The package consists of three additional submodules for analysing the results post-training:

- [`muvi.tl`](muvi/tools/utils.py) provides tools for downstream analysis, e.g.,

  - compute `muvi.tl.variance_explained` across all factors and views

  - `muvi.tl.test` the significance between the prior feature sets and the inferred factors

  - apply clustering on the latent space such as `muvi.tl.leiden`

  - `muvi.tl.save` the model in order to `muvi.tl.load` it at a later point in time

- [`muvi.pl`](muvi/tools/plotting.py) works in tandem with `muvi.tl` by providing visualization methods such as

  - `muvi.pl.variance_explained` (see above)

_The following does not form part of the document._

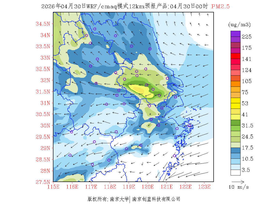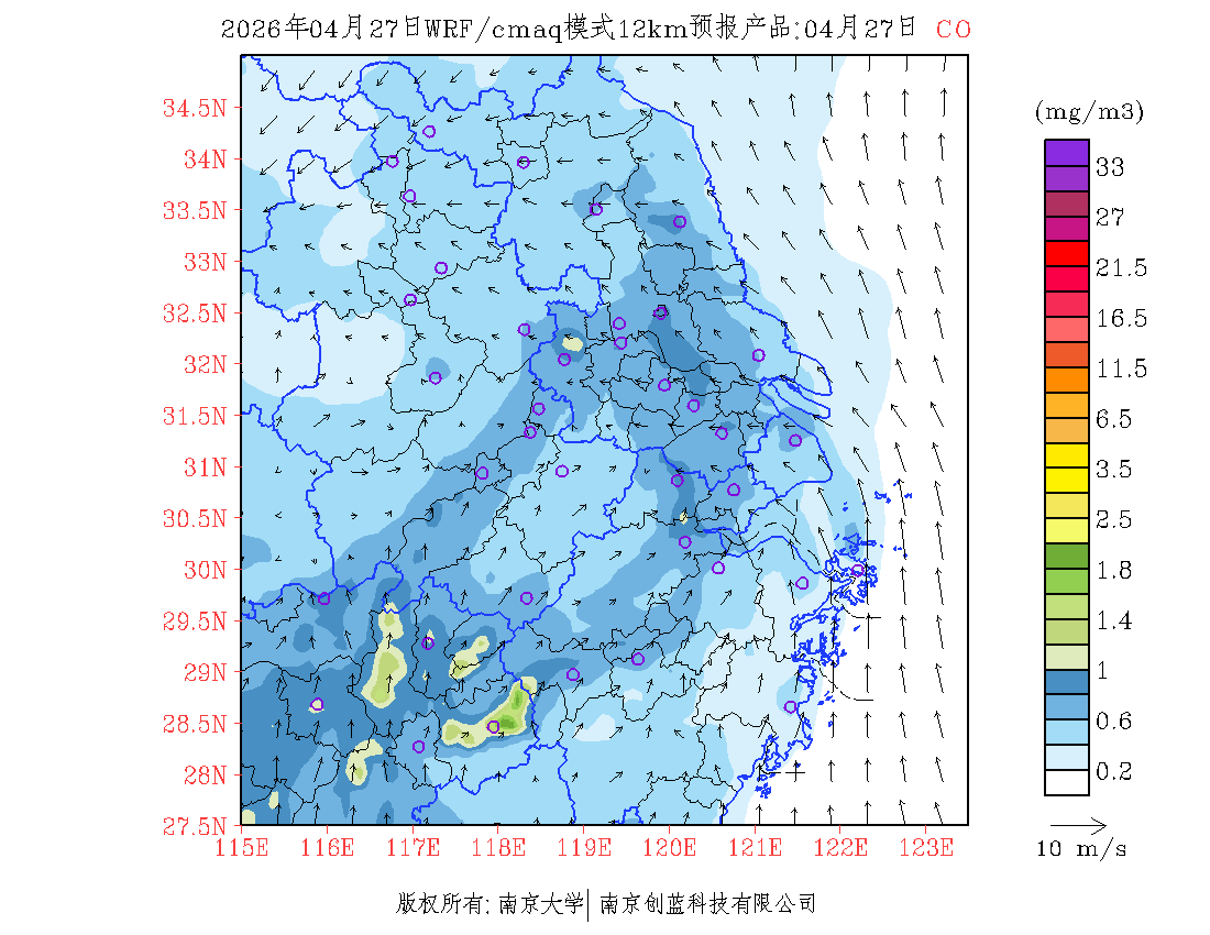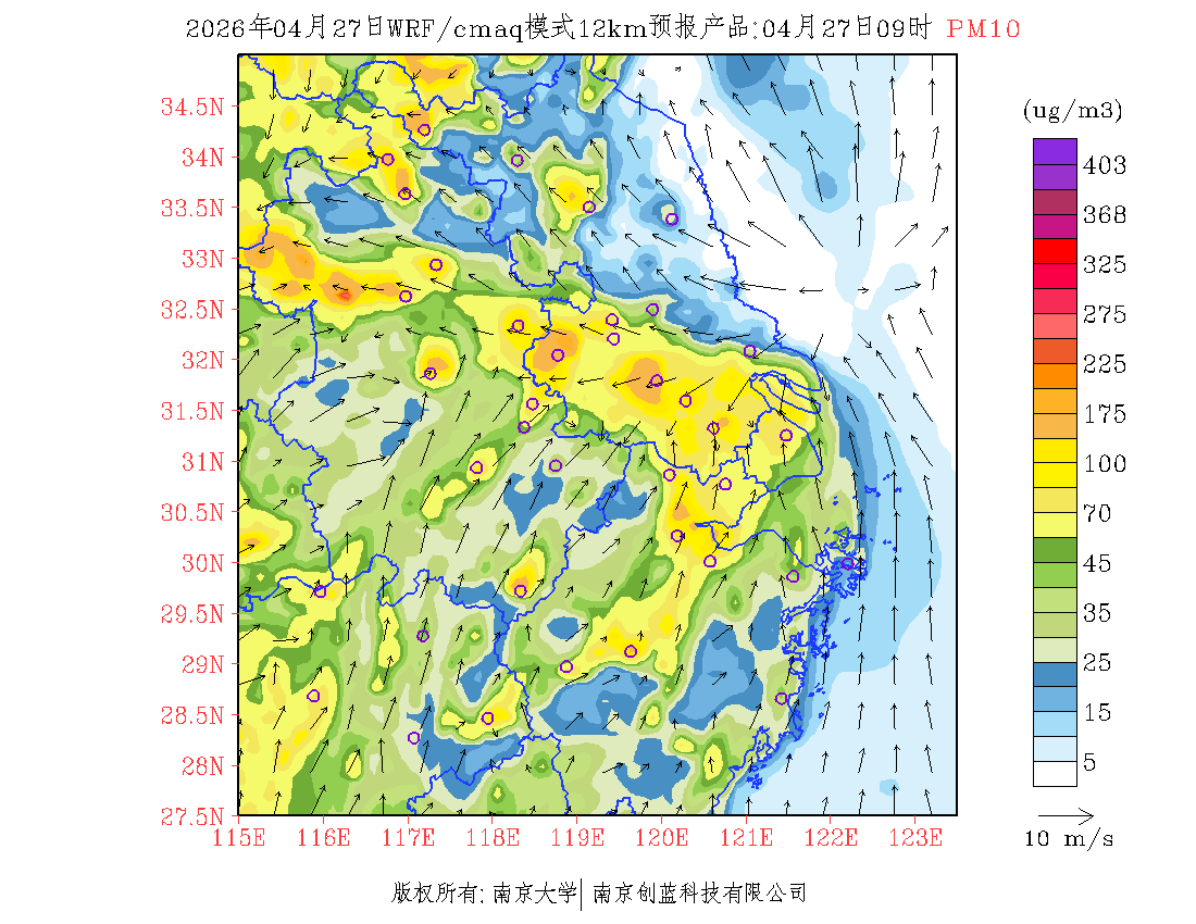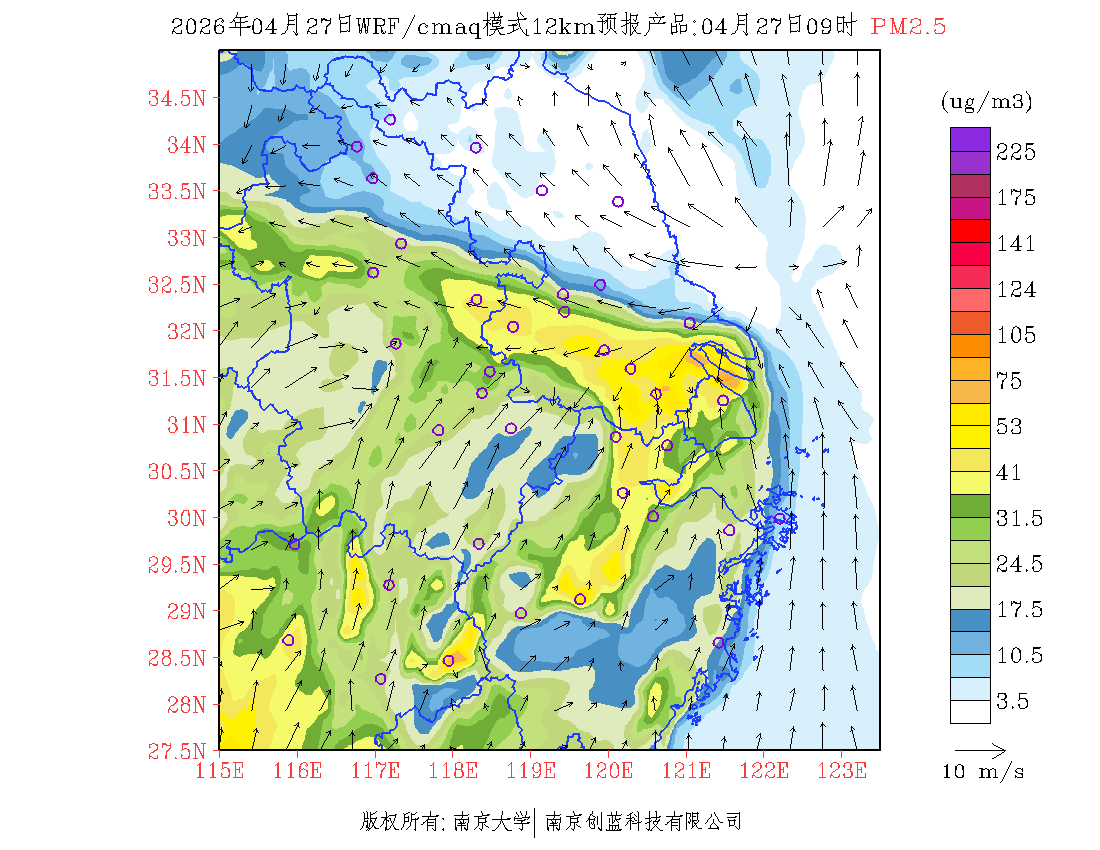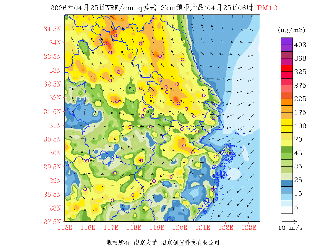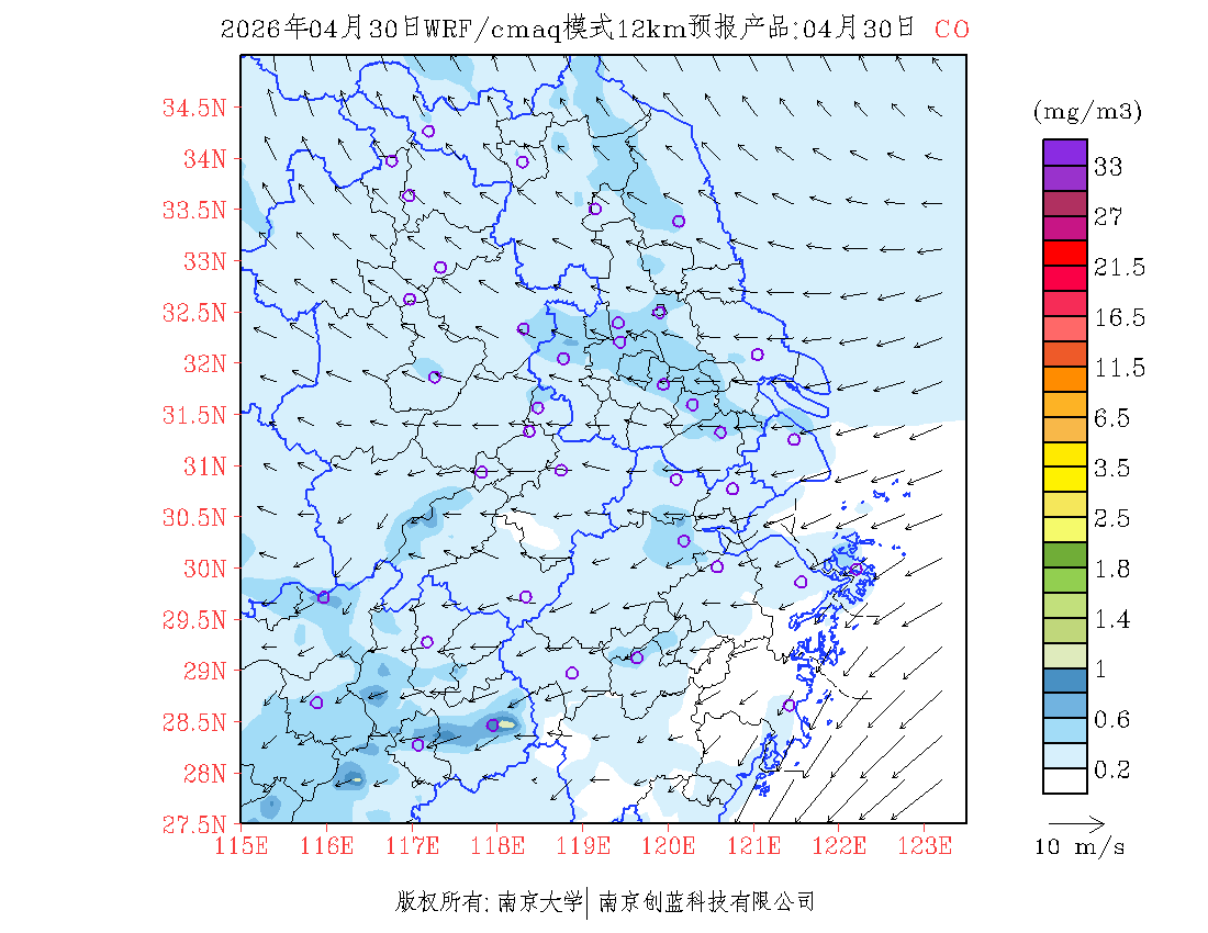 长三角地区浓度预报场(12km)

  - plotting the latent space via `muvi.pl.tsne`, `muvi.pl.scatter` or `muvi.pl.stripplot`

  - investigating factors in terms of their inferred loadings with `muvi.pl.inspect_factor`

- [`muvi.fs`](muvi/tools/feature_sets.py) serves the data structure and methods for loading, processing and storing the prior information from feature sets

## Tutorials

Check out our [basic tutorial](examples/1_basic_tutorial.ipynb) to get familiar with `MuVI`, or jump straight to a [single-cell multiome](examples/3a_single-cell_multi-omics_integration.ipynb) analysis!

`R` users can readily export a trained `MuVI` model into `R` with a single line of code and resume the analysis with the [`MOFA2`](https://biofam.github.io/MOFA2) package.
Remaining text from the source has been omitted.